Information provided -
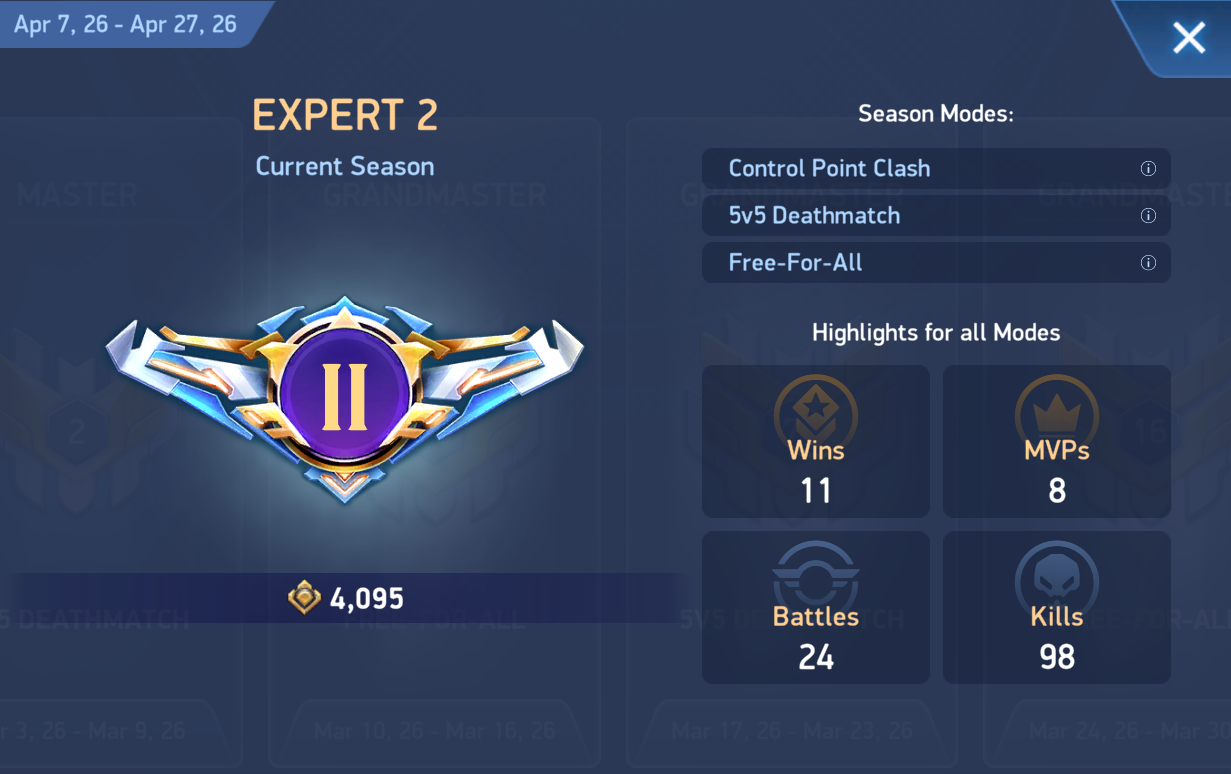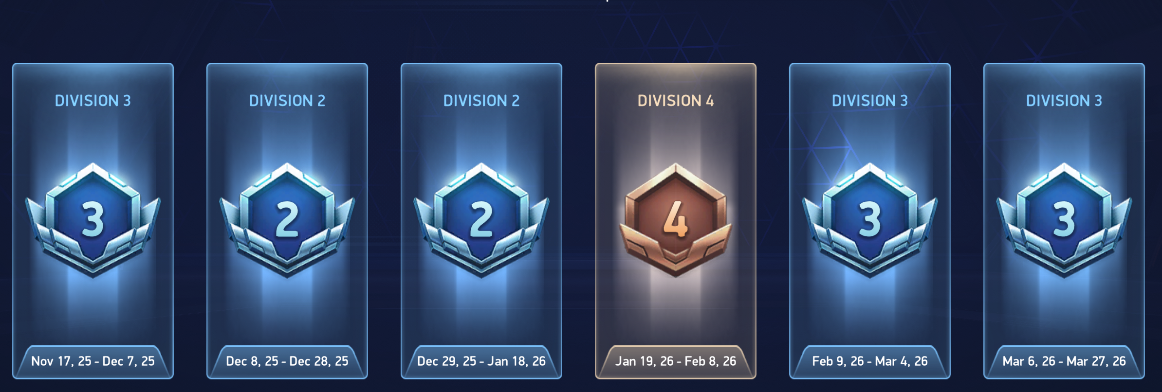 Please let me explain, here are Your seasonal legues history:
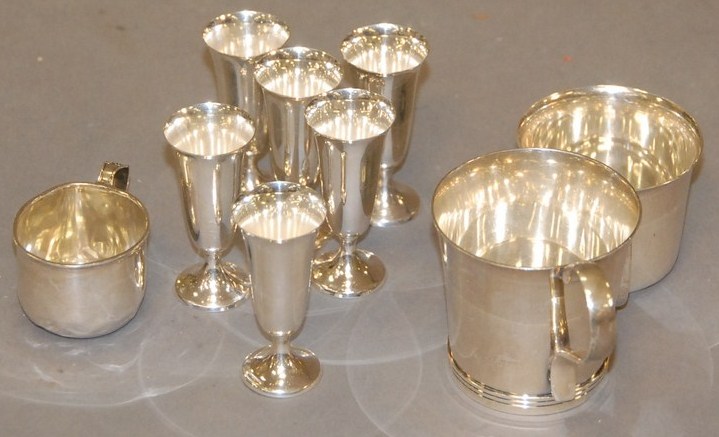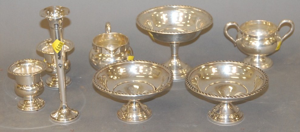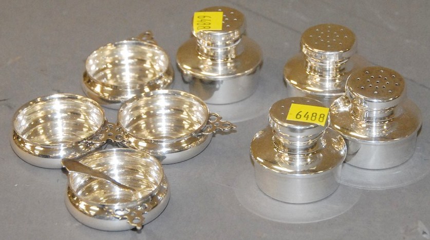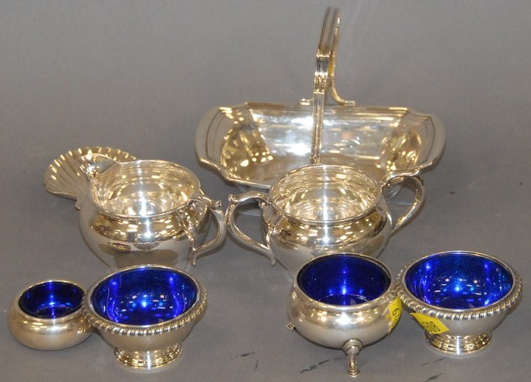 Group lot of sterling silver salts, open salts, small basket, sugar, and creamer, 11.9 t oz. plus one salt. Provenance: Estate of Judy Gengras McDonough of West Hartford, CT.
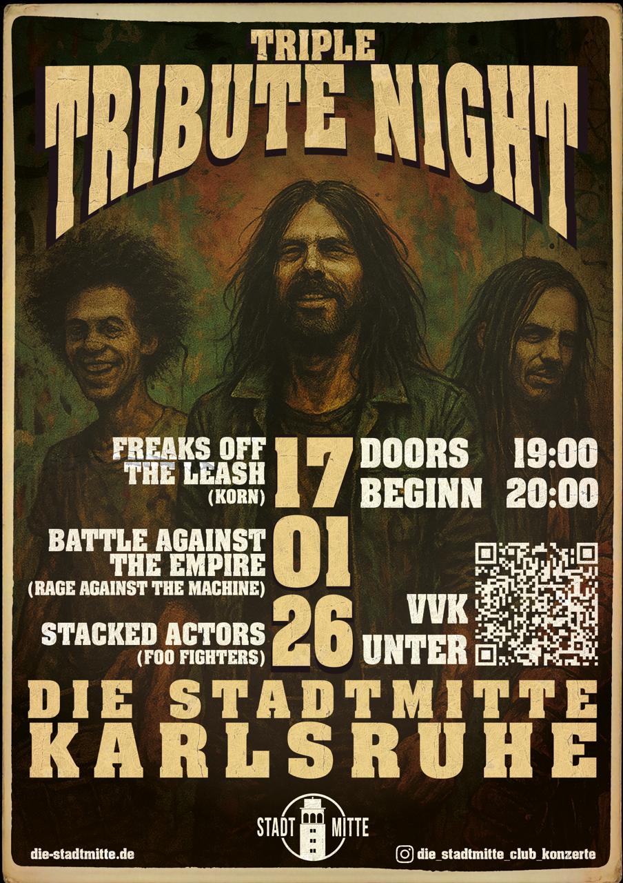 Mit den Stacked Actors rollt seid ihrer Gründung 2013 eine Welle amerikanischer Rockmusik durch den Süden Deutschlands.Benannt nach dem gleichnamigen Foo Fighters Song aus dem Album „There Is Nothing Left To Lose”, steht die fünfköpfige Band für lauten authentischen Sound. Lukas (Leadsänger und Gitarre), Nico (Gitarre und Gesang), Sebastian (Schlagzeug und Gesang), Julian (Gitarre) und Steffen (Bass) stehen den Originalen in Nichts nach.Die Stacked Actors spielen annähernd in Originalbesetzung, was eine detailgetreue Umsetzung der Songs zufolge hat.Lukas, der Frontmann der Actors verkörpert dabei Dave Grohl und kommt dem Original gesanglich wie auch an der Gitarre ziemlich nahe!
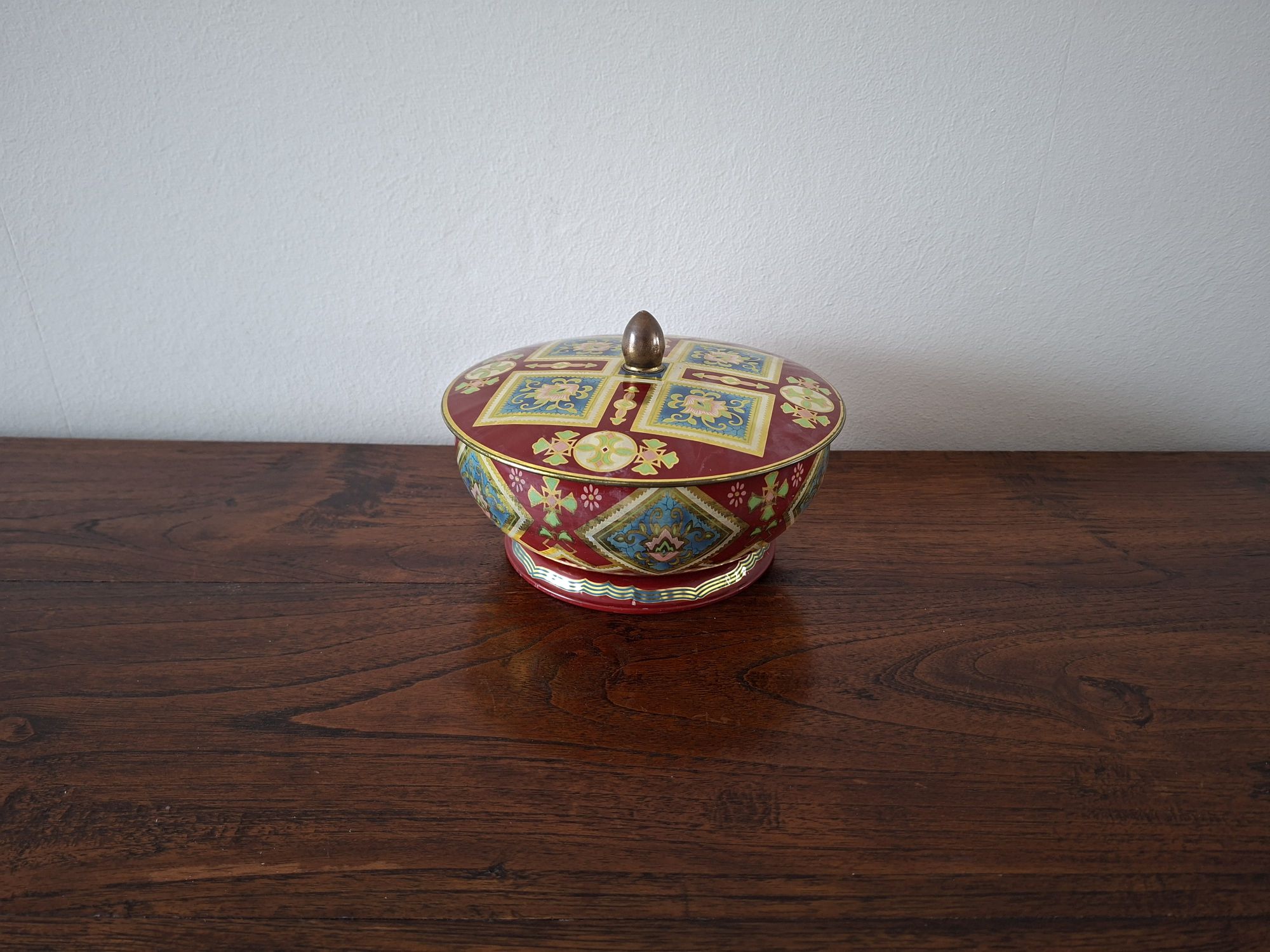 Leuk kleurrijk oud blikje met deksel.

Problem description -
Repeat the listing above from its first line through the line that contains "Group lot of", both included, and nothing more. Drop the pictures.

The completed task -
 Please let me explain, here are Your seasonal legues history:
 Group lot of sterling silver salts, open salts, small basket, sugar, and creamer, 11.9 t oz. plus one salt. Provenance: Estate of Judy Gengras McDonough of West Hartford, CT.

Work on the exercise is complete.